* BRIEF *
Pictures must not appear in the copy. Restate exactly the lines below from the one with "Key West Connect" through the one with "- ノブを押し上げながら、ワイパーアームからブレードをスライドさせて外す。", inclusive.

* PROVIDED MATERIAL *
╔══
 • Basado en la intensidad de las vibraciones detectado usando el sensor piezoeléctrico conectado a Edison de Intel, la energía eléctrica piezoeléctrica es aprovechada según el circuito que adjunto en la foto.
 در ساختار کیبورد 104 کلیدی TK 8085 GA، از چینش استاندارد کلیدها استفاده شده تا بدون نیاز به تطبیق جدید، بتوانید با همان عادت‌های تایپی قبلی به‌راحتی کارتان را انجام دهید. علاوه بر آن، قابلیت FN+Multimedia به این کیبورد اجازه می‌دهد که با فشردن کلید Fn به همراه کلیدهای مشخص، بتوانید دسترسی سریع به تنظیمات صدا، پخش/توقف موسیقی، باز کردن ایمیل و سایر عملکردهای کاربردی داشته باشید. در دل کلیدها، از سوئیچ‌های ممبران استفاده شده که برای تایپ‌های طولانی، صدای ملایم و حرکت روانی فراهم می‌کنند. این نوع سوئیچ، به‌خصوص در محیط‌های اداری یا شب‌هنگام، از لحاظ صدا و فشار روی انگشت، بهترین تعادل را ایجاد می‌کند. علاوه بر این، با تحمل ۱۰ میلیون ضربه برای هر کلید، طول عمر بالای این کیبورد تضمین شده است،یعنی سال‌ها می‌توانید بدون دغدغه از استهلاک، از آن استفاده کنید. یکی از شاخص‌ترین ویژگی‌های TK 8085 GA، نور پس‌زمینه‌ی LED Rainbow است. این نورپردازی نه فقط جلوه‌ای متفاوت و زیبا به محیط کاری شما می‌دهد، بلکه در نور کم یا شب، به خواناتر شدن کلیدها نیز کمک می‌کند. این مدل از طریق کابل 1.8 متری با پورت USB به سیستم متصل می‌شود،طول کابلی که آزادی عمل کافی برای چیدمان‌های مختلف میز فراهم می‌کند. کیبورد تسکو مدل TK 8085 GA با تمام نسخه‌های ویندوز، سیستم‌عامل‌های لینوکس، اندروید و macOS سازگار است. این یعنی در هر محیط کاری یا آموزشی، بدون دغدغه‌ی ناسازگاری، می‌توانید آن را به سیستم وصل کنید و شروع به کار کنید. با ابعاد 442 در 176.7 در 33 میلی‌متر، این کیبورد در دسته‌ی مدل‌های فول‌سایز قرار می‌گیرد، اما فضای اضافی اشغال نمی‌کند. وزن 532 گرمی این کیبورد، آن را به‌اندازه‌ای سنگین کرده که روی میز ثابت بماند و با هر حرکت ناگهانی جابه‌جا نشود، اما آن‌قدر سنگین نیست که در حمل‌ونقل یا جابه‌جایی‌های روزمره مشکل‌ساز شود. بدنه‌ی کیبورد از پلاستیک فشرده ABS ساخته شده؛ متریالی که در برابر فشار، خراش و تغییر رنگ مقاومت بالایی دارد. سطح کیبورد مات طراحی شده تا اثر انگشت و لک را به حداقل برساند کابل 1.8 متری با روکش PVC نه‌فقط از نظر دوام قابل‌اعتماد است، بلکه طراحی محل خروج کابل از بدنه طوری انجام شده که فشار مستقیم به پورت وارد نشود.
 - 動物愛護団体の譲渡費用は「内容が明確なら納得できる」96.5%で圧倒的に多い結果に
╚══
╔══
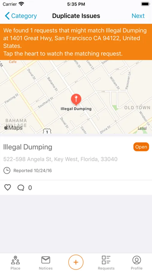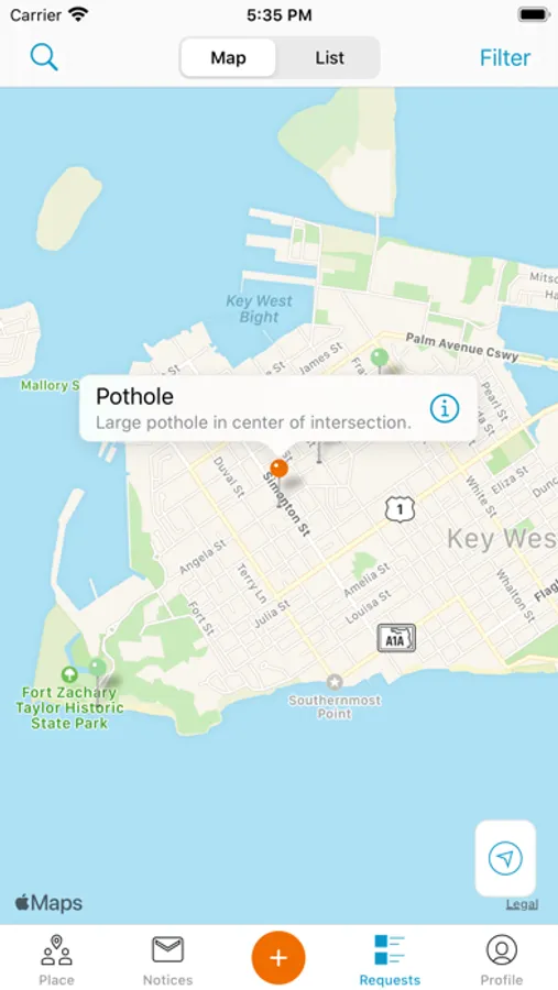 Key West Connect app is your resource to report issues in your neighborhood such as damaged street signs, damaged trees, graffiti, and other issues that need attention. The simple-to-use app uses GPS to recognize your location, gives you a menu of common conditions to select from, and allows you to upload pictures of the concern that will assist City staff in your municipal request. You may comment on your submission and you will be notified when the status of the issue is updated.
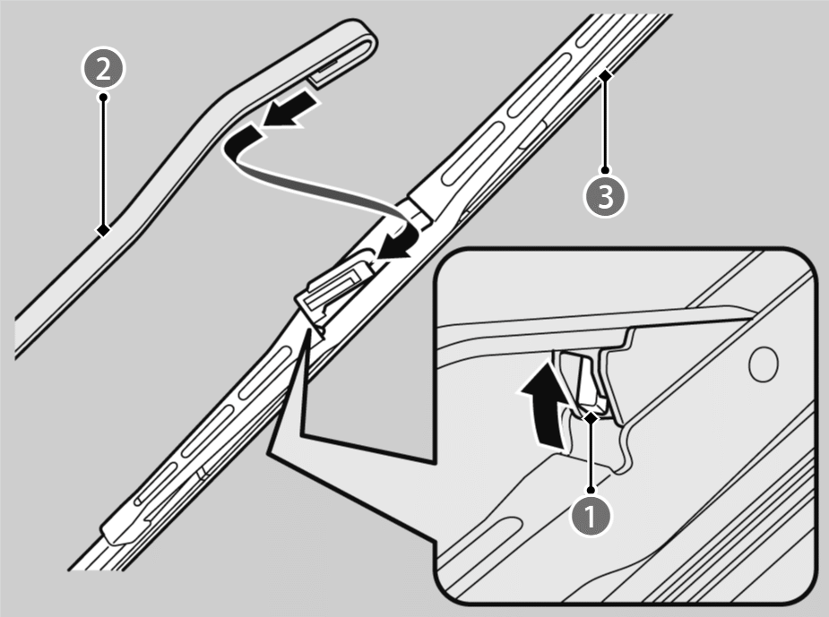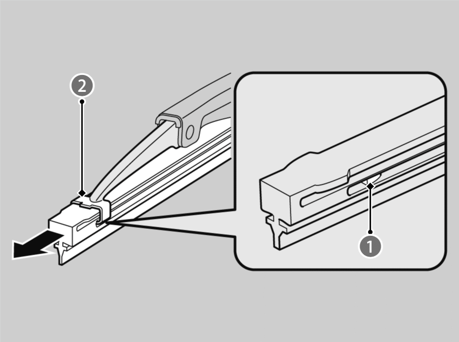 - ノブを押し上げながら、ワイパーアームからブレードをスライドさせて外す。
╚══
* RESPONSE *
 Key West Connect app is your resource to report issues in your neighborhood such as damaged street signs, damaged trees, graffiti, and other issues that need attention. The simple-to-use app uses GPS to recognize your location, gives you a menu of common conditions to select from, and allows you to upload pictures of the concern that will assist City staff in your municipal request. You may comment on your submission and you will be notified when the status of the issue is updated.
 - ノブを押し上げながら、ワイパーアームからブレードをスライドさせて外す。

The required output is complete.